What would happen to objects, such as astronauts, as they vanished into a black hole? Physicists have been amusing themselves with this question for years, and most believe that the intense gravitational forces would rip apart the astronauts long before they were crushed singularity. Theoretically, any astronauts who managed to survive the passage would encounter some very strange things. For instance, they would experience acute time distortion, which would enable them to know, in a few brief seconds, the entire future of the universe.
Inside a black hole, space and time are so warped that the distance from the event horizon to the singularity is not a distance in space in the normal sense that we can measure in kilometers. Instead, it becomes a distance in time. The time it takes to reach the singularity from the event horizon – as measured by someone falling in – is proportional to the mass of the black hole.

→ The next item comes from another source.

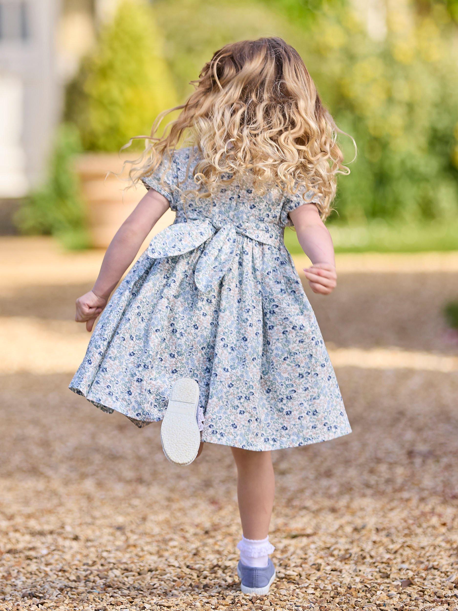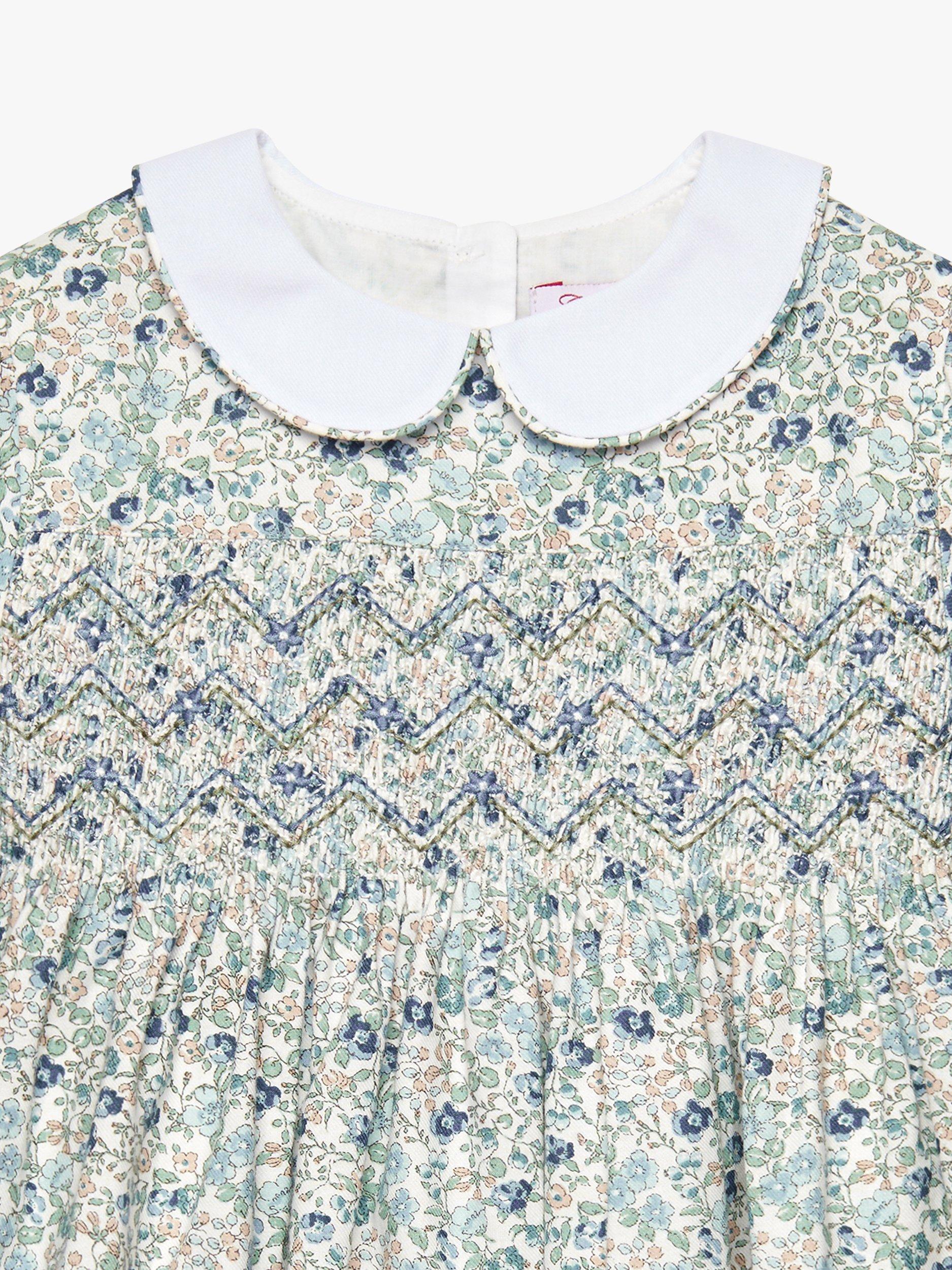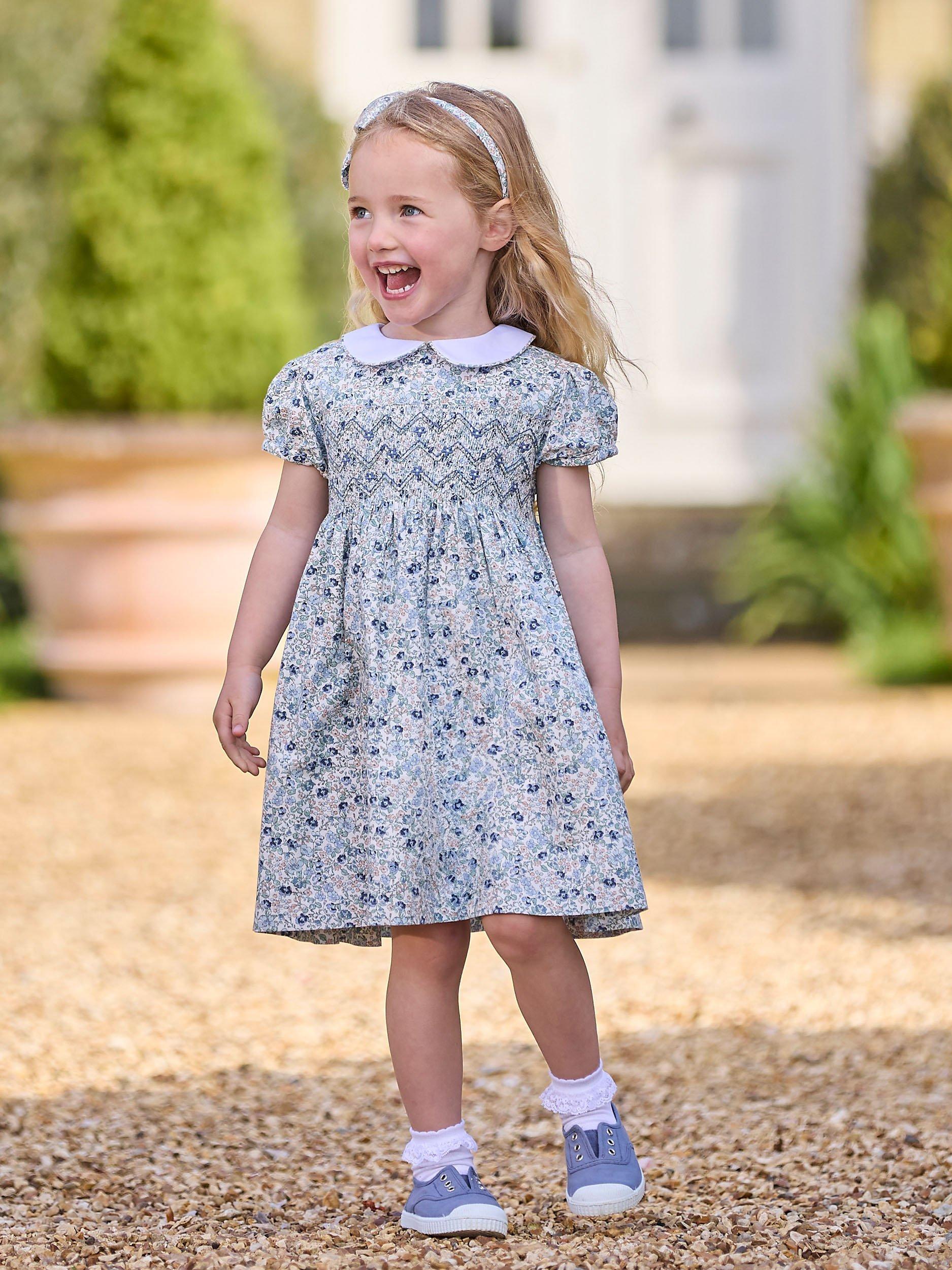 A Trotters classic, this traditional smocked dress comes in pretty floral bloom print and features a contrasting white Peter Pan collar with matching floral piping trim. Made from 100% cotton, it comes fully lined and features a matching tie at the back for the perfect finish.

The only way that astronauts would know whether they had crossed the event horizon would be if they tried to halt their fall and climb out again by firing their engines enough to push themselves back from the center of the hole. However, because of the time warp, if the astronauts tried to do this, they would reach the singularity faster once they had left their engines off. Moreover, since they could get no farther once they had reached the singularity, this point would mark the end of time itself.
What happens to an object that falls within the event horizon of a black hole?
A.The object changes shape until it is spherical
B.The object is pushed from the hole at the speed of light.
C.The object cannot escape the black hole’s gravity.
D.The object explodes into particles that drift into space.